西凉与北燕之间,隔着高约万尺的大山,和一条湍急的大河,北燕马匹无法进入。
只有赵国,地处南方,土地肥沃,粮食富足,两国之间又没有天堑阻隔,因此北燕常年来抢夺。
而且,今年北燕又恰逢大旱灾,更是抢得肆意。
赵元吉派给赵元恒的人马是两万。
前方打探的情况是,北燕人只有二三千,而且都是些普通牧民,但赵国这一方有两万。

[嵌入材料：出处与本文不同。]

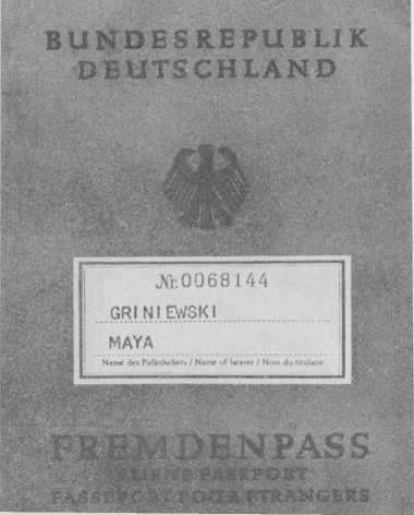 Обложка паспорта, который был выдан М. Гриневской в ФРГ.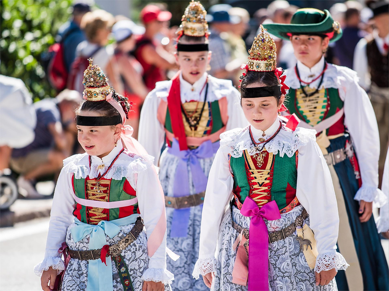 Segue la processione del Sacro Cuore di Gesù attraverso il paese con partecipazione dei costumi tradizionali della Val Gardena.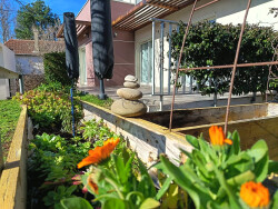 Au rez-de-chaussée, vous trouverez un spacieux séjour baigné de lumière naturelle grâce a de nombreuses ouvertures donnant sur la terrasse avec deux parasols ancrés au sol. Une cuisine américaine aménagée et équipée avec un ilot central ainsi qu'une suite parentale et sa salle de bains complète ce niveau.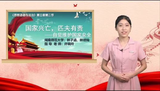 选送的由许晓玲教授指导、19级思政本科班林子涵和林培灿共同完成的作品《国家兴亡,匹夫有责——自觉维护国家安全》荣获全国本科组优秀奖。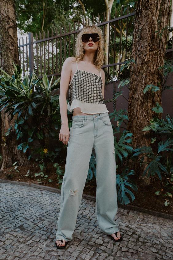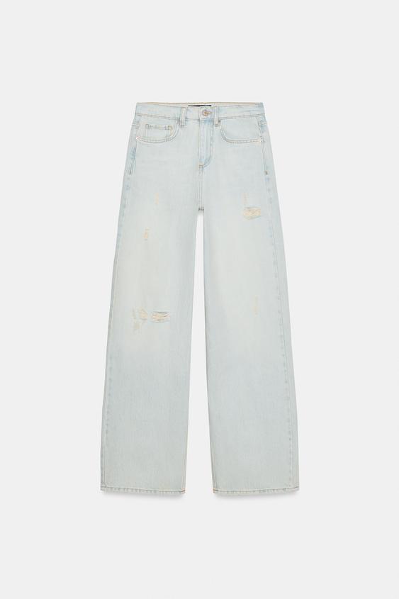 ZARA ДЖИНСЫ Z1975 STRAIGHT СО СРЕДНЕЙ ПОСАДКОЙ И РАЗРЕЗАМИ, ГОЛУБОЙ

再不会打仗的人,以两万正规军对打二三千普通牧民,也会打胜。
可当赵元恒带着两万人马去的时候,才发现,事实上并不是这样。
来的北燕人,根本不是什么抢粮食的散兵和牧民。而是训练有素的精兵装扮成的牧民,领军的是单于烈。
可想而知,即便是赵元恒有两万人,但对抗上号称“北燕狼”的单于烈,那如同一百只小绵羊遇上一只狼。羊再多,也不是一只凶狠之狼的对手。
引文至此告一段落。